Will the Tories take television seriously?

Politicians usually measure their authority in column inches

BACK when Nick Pisani was editing Question Time, he achieved the great coup of persuading Davids Cameron and Davis to debate together on the show. The Times reported Pisani saying: "It will give the Conservative Party members who have a vote, and the wider public, a great opportunity to assess which of the two they think will make the most effective leader." And now a few months later, Pisani has achieved the great coup of running the Conservative Party's communications. As Harry Hill might have observed — what are the chances of that?

While one of my eyebrows remains in the elevated position, Pisani's appointment nonetheless offers the interesting prospect that the Tories are going to be the party to finally take television seriously.

Since forever, politicians in office have ignored the fact that most people get their news from telly. They've also ignored the fact that television is under an obligation to exercise impartiality and fairness, and by ignoring it, they've chipped away at the medium, turning political journalism on TV into a sophisticated form of second-guessing.

Television is a relatively ‘clean' channel of communication for politicians. Political journalists such as the BBC's Nick Robinson or Five's Andy Bell are hardly poodles expecting a good tummy-tickling, but nor are they opinion-mongers looking to twist politicians' words to fit a pre-ordained ideological formula (unless you're Jack Straw — see below). Sky's Adam Boulton does not treat his guests like Fox's Bill O'Reilly.

And television offers wider opportunities too. Boris Johnson is regularly featured on Have I Got News For You, sometimes even appearing as a guest on the programme.

Michael Gove is known to millions of toddlers as a stunt double for Archie from Balamory.

But TV does have its drawbacks. Television is on the record. And that means Government has to be prepared to come out of the closet, abandon cosy relationships conducted behind closed doors, and speak to the public openly. A frightening prospect for ministers and civil servants, who love nothing more than empty chairing TV programmes.

Engaging with the public through television might just be the way to establish the connection with voters that the Cameron crowd needs to transform the Conservative Party's future. According to recent research, 65 per cent of Britons get most of their news from the box, compared to the 19 per cent who get it from papers. For politicians in power who like to measure their authority in column inches, the message still isn't getting through — getting your name in the paper isn't the same as being read.

If Pisani can get the Tories to tune into television, he'll be doing them, and us, a favour. And if they ever leave the wilderness of opposition, and carry the habit of communicating through the box into government, we might just refresh our political culture.

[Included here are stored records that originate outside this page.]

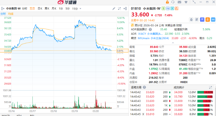 小米集团-W(01810)同样有份拖累大市,集团上日举行新车发布会,当中新版SU7汽车最低配定价较预售价减价万元人民币,创办人雷军指未来三年,小米在AI领域最少投入600亿人民币。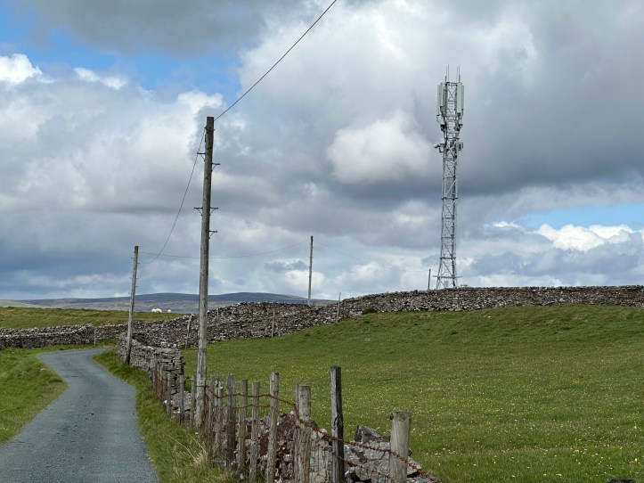 After a bit of road walking and a cell tower (?), the path cut across fields on grassy turf heading east before turning north again to get to Askrigg.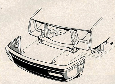 Una radiografía de modelo nos muestra la formación de una caja con las aristas reforzadas por largueros. Los inferiores son los de la base del monocasco, el frontal en forma de travesaño en la parte superior, de un lado a otro, y por la parte de atrás con el reforzamiento que supone la embutición de la chapa de separación con el habitáculo. Lateralmente también hay refuerzos en la parte superior de las aletas, cerrándose así la caja prácticamente por sus doce aristas. Y decimos prácticamente porque por la parte delantera el estrechamiento hacia los faros elimina la necesidad de duplicar los refuerzos transversales.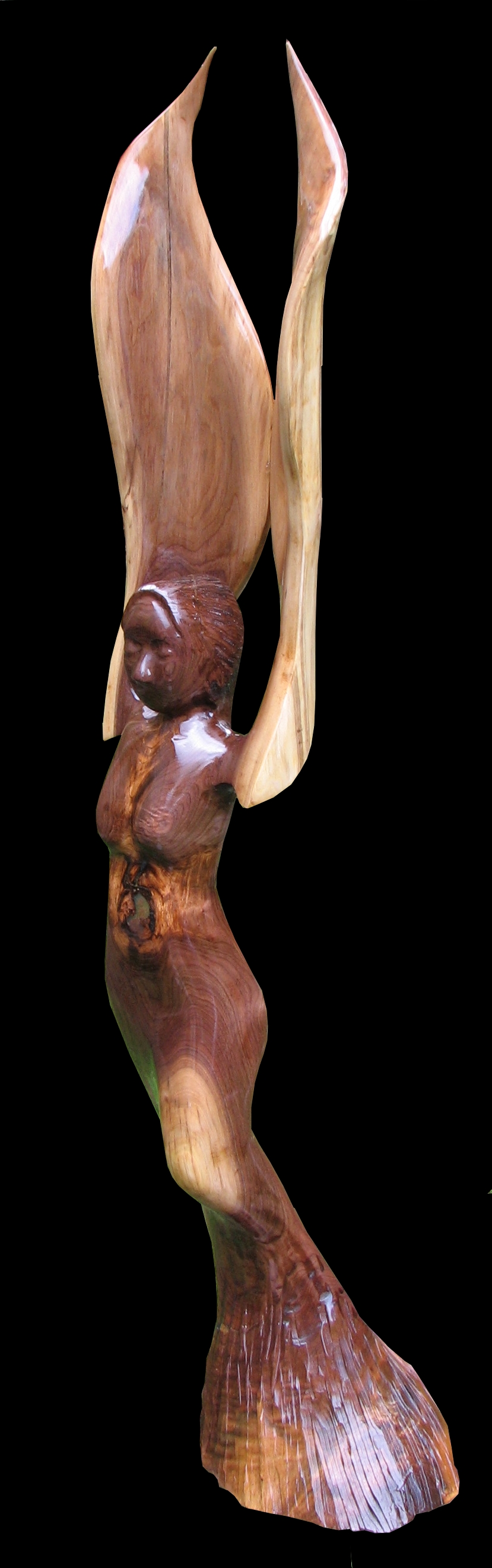 A combination of the idea of a Phoenix and a Butterfly emerging from a chrysalis. Black American Walnut

AS A journalist, I always feel uncomfortable about trust. I've always used ‘trusting' as a euphemism for ‘stupid'. So when Ofcom produces a study that says more than three-quarters of the population trust TV and radio news, and less than half trust newspapers, it's hard to know how to respond. Should broadcast journalists slap each other on the back? Or do we slap the audience in the face, and remind them of the immortal words of Otter in Animal House: "You trusted us — you fucked up."

I'm with Otter, and so too it would seem are the good folk of News 24, whose pundit conveyor-belt carries hopeful job candidates from the vibrant bustle of Wood Lane reception to the obscurity of a rolling news channel.

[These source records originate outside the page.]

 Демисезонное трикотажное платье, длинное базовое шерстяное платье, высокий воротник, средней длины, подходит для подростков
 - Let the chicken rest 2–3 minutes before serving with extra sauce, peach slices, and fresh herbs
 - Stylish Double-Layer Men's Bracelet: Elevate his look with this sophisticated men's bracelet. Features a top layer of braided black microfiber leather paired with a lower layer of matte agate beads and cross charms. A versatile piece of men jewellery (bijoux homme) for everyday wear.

In fact, the much-repeated story of how IT job seeker Guy Goma substituted for IT columnist Guy Kewney on live TV is a tiny parable of reportage for our times. Goma, you may recall, took a while to hit his stride in a studio interview with Karen Bowerman, thinking that it was a twisted human resources plot to test his mettle. (Maybe they should wheel Karen out when they're interviewing for the editor of Panorama.)

But here's the parable. First, the BBC screws up. Then a journalist, who is also a blogger, gets a story about himself half wrong via the net. The national and international media then repeat the mistake across newspapers, agency wires and websites. And when at last journalism gets it right, there isn't a scintilla of apology for previous errors. A minute's silence then, as we remember journalism's sacred oath — "as long as you get it right in the end, and no one dies…"

JACK STRAW, last seen playing Goofy to Condoleezza Rice's Minnie Mouse, lambasts BBC newsreaders for earning too much money and prancing round the studio. Also indulging in a bit of Parliamentary Beeb-bashing is Chris Mullin, a man so determined to improve the standards of TV journalism that he left it. Mullin thinks a tabloid virus is infecting the BBC.

If it is, then the global supply of retro-viral earnestness is stockpiled behind the desk of BBC4's The World.

Straw's attacks follow in a fine tradition of politicians picking on those who cannot defend themselves. Don't expect to see the recently sidelined Leader of the Commons taking on any of the political heavyweights actually campaigning through print against his Government. That might require convictions and courage.

Meanwhile you probably won't have noticed the subliminal ‘Vote Conservative' message running repeatedly through this column. I'd ask you kindly to ignore it, at least for the next few months, until I can nail down the contractual details of my new post as Gravesend Conservative Association's director of communications.